The predictive power of hamburgers2 min read . Updated: 01 Oct 2010, 09:21 PM IST
The predictive power of hamburgers
The predictive power of hamburgers
The Economist magazine has been publishing, for the 24th year running, its Big Mac Index (BMI), which compares the cost of a Big Mac burger in different countries. Clements, Lan and Seah estimate that the cost of a full page ad in The Economist is around $50,000 (Rs 22.35 lakh today). They say that for the magazine to continue to publish the Big Mac Index year after year means that, at least in the view of its editors, it’s worth this opportunity cost. In their paper, Clements, Lan and Seah examine whether the Big Mac Index is indeed a good measure of the over-valuation or under-valuation of currencies.
Also Read Manas Chakravarty’s earlier articles
But first, they talk a bit about the way exchange rates are determined. The accepted theory is that of “purchasing power parity" (PPP). This theory states simply that the exchange rate is proportional to the ratio of the price levels in two countries. If prices in country A increase relative to another country B, then the currency of A should depreciate against that of B. The Big Mac Index, which measures the cost of a more-or-less identical basket of goods (this includes meat, cheese, bread, labour, rent, electricity—all the costs that go into the making of the sandwich) therefore measures exchange rates in PPP terms. According to the index, the exchange rate of say the British pound against the US dollar should be equal to the cost of a Big Mac in Britain divided by the price of one in the US. The deviation from this formula shows the extent of overvaluation/undervaluation of the British pound against the US dollar. The Economist publishes Big Mac indices annually for several currencies in this way.
The authors say, however, that the Big Mac Index is a biased one.
They point out: “There are substantial, sustained and significant deviations of exchange rates from the BMI." For example, the index shows that eight countries—Australia, China, Hong Kong, Malaysia, Poland, Singapore, Russia and Thailand—have always had undervalued currencies.
On the other hand, the currencies of Britain, Denmark and Switzerland are always overvalued, according to the index. Write the authors: “These strings of persistent disparities over a fairly lengthy period in almost two-thirds of the cases raise serious questions about the credibility of the BMI as a pricing rule for currencies."
Fortunately, they find that this defect can be corrected, and after making some adjustments for the bias, the index has predictive power.
That means a currency seen as undervalued by the BMI will in future gain against the dollar, while a currency seen as overvalued will depreciate. Simply put: Overvalued currencies subsequently depreciate, while undervalued ones appreciate.
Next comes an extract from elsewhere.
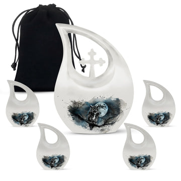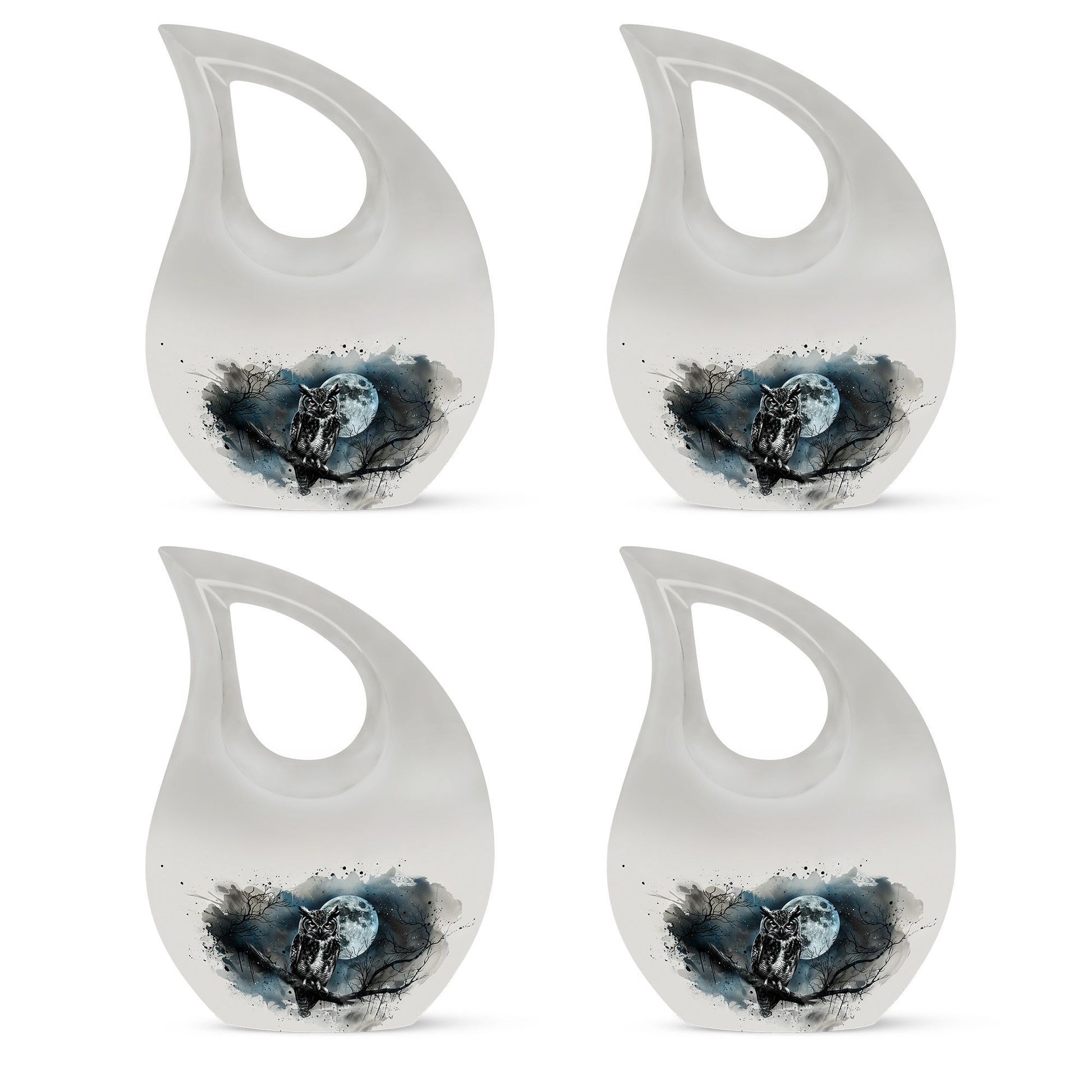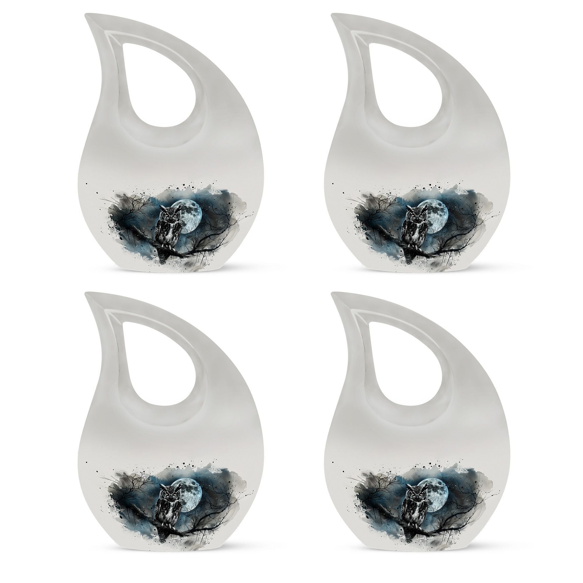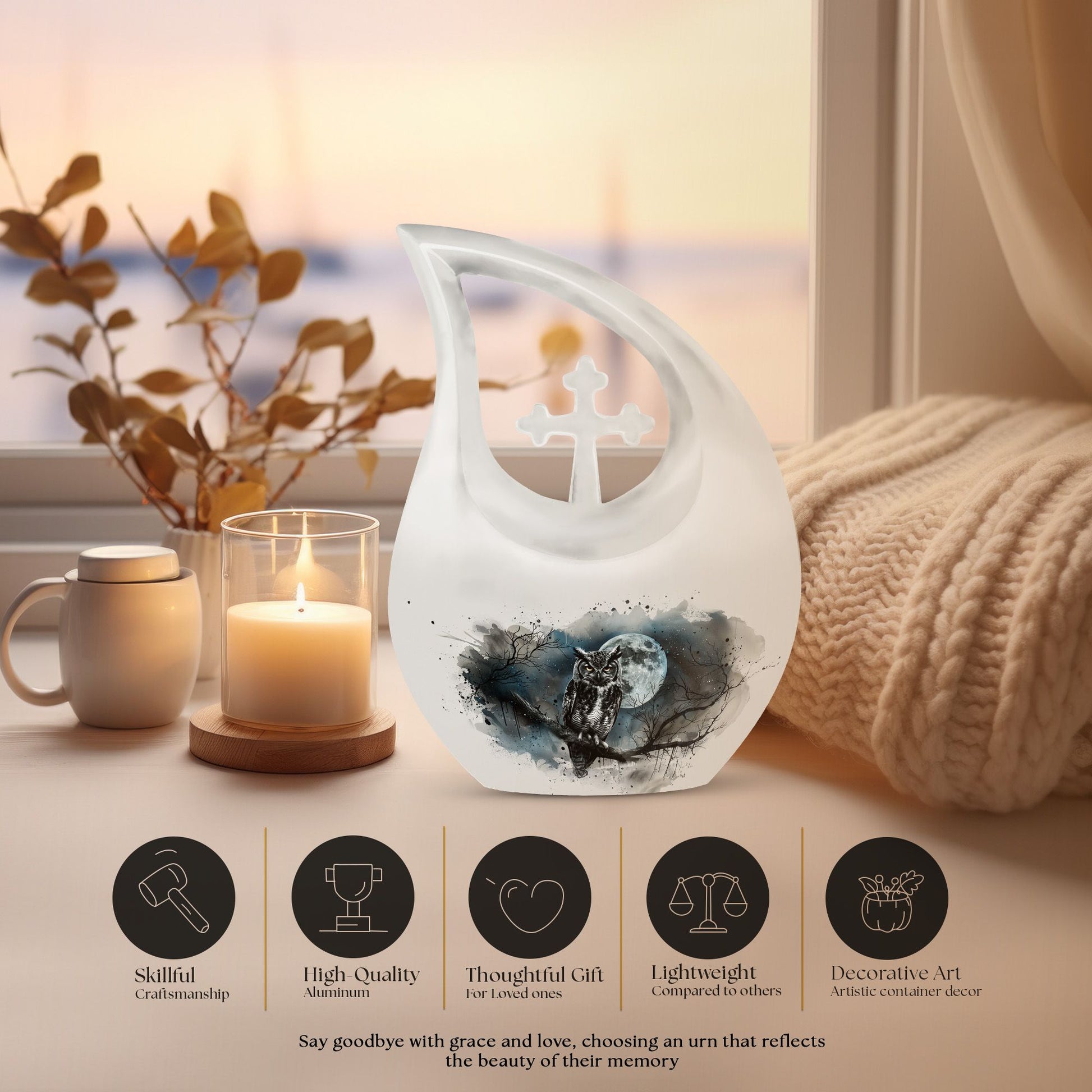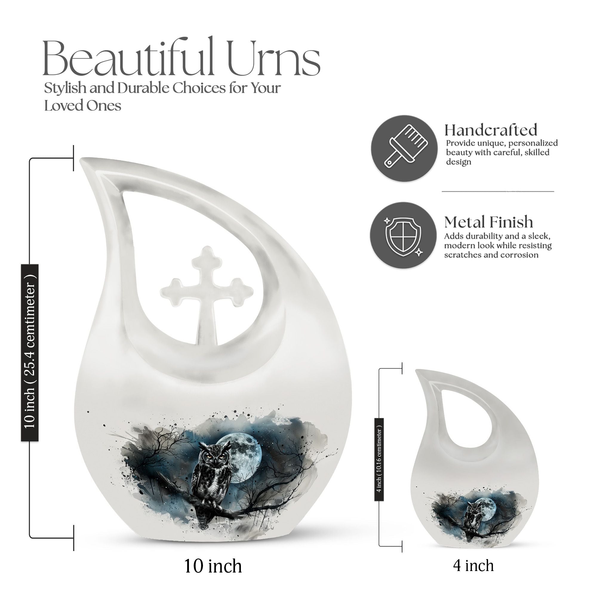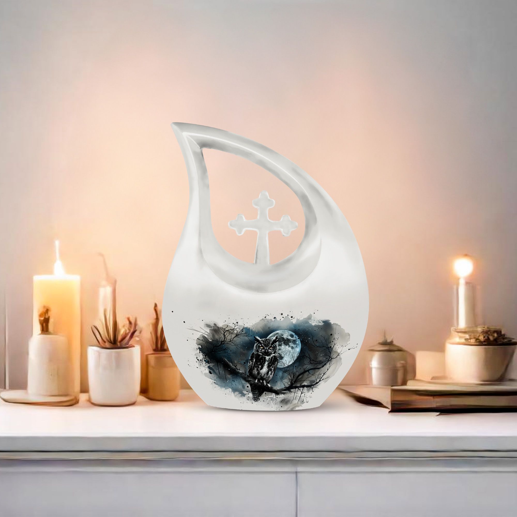 Handmade from premium aluminium, this 10 inch urn showcases a serene white finish paired with intricate owl artwork, symbolizing wisdom, guidance, and eternal peace. Its secure screw-top lid protects the ashes, making it suitable whether you need a cremation urn small, a cremation keepsake urn, or urns for cremation ashes small. The refined design makes it ideal for those seeking small cremation urns for ashes or urns for cremation that balance durability with elegance.

The paper finds that after adjusting for the bias, the BMI “tracks exchange rates reasonably well over the medium to longer term in accordance with relative purchasing power parity theory."
What’s more, the index is as good as the industry standard in predicting future currency values, except for short-term horizons.
India doesn’t figure in the BMI because most Indians do not eat beef. But next time you feel like punting on a currency, its Big Mac Index could tell you whether it is undervalued or overvalued. As the authors point out, given that all it takes is to buy a copy of The Economist, the index seems to provide good value for money.